Silicate glasses are durable materials but laboratory experiments reveal that elements that derive from their environment may induce high corrosion rates and reduce their capacity to confine high-level radioactive waste. This study investigates nuclear-glass corrosion in geological media using an in situ diffusion experiment and multi-component diffusion modelling. The model highlights that the pH imposed by the Callovo–Oxfordian (COx) claystone host rock supports secondary-phase precipitation and increases glass corrosion compared with pure water. Elements from the COx rock (mainly Mg and Fe) form secondary phases with Si provided by the glass, which delay the establishment of a passivating interface. The presence of elements (Mg and Fe) that sustain glass alteration does not prevent a significant decrease in the glass-alteration rate, mainly due to the limited species transport that drives system reactivity. These improvements in the understanding of glass corrosion in its environment provide further insights for predictive modelling over larger timescales and space.
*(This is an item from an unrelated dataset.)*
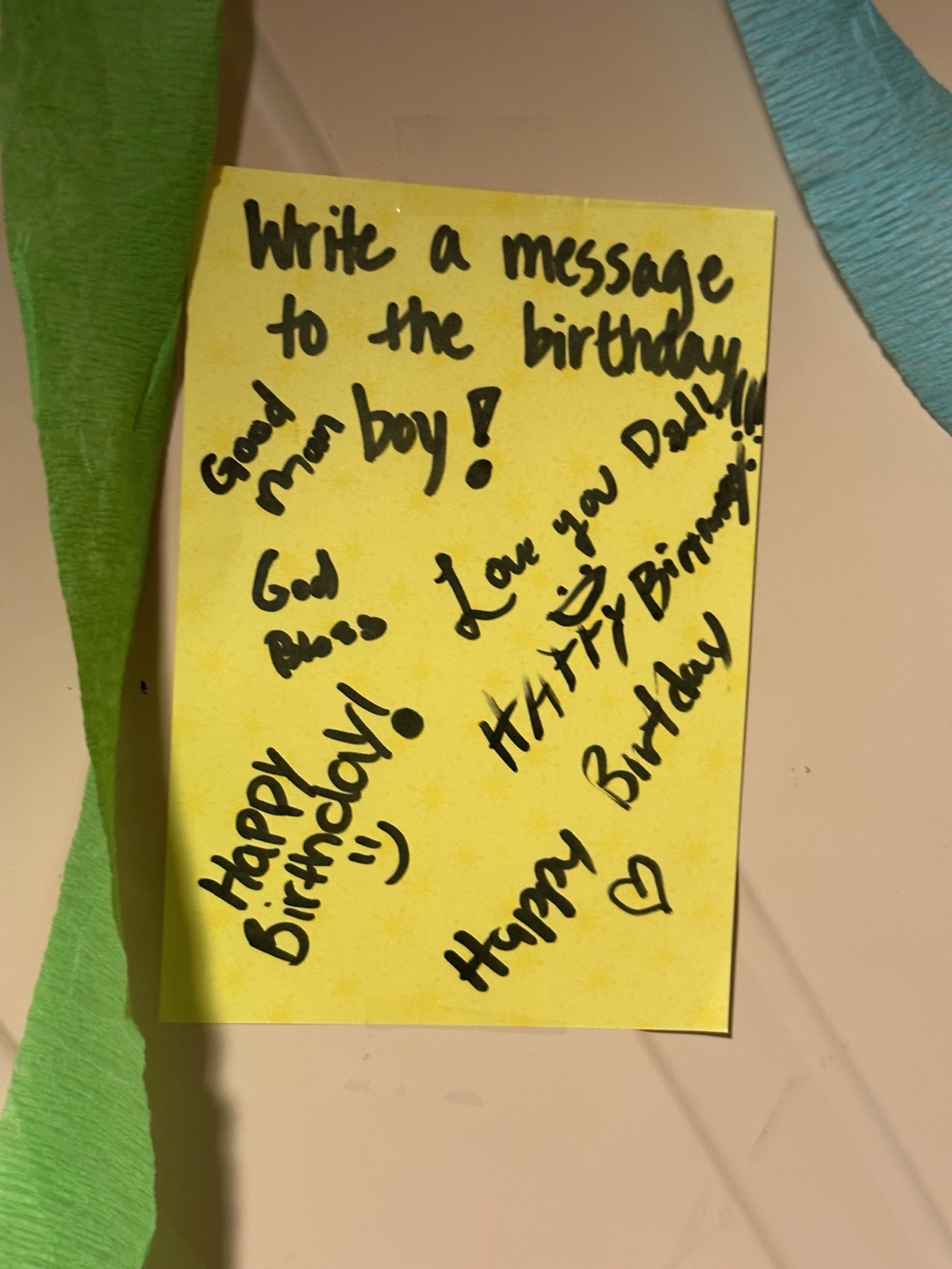 She left a pen there so people could write birthday wishes to me. Our next door neighbors even left me a message later on.

硅酸盐玻璃是耐用的材料，但是实验室实验表明，源自其环境的元素可能会导致高腐蚀速率，并降低其限制高放废物的能力。本研究使用原位扩散实验和多组分扩散模型研究地质介质中的核玻璃腐蚀。该模型突出表明，与纯净水相比，卡洛沃-牛津（COx）粘土岩基质岩石施加的pH值支持第二相沉淀，并增加了玻璃腐蚀。来自COx岩石的元素（主要是Mg和Fe）与玻璃提供的Si形成第二相，这会延迟钝化界面的建立。维持玻璃蚀变的元素（镁和铁）的存在并不能阻止玻璃蚀变率的显着降低，主要是由于有限的物种运输推动了系统的反应性。对周围环境中玻璃腐蚀的理解的这些改进为在更大的时间范围和空间上进行预测建模提供了进一步的见解。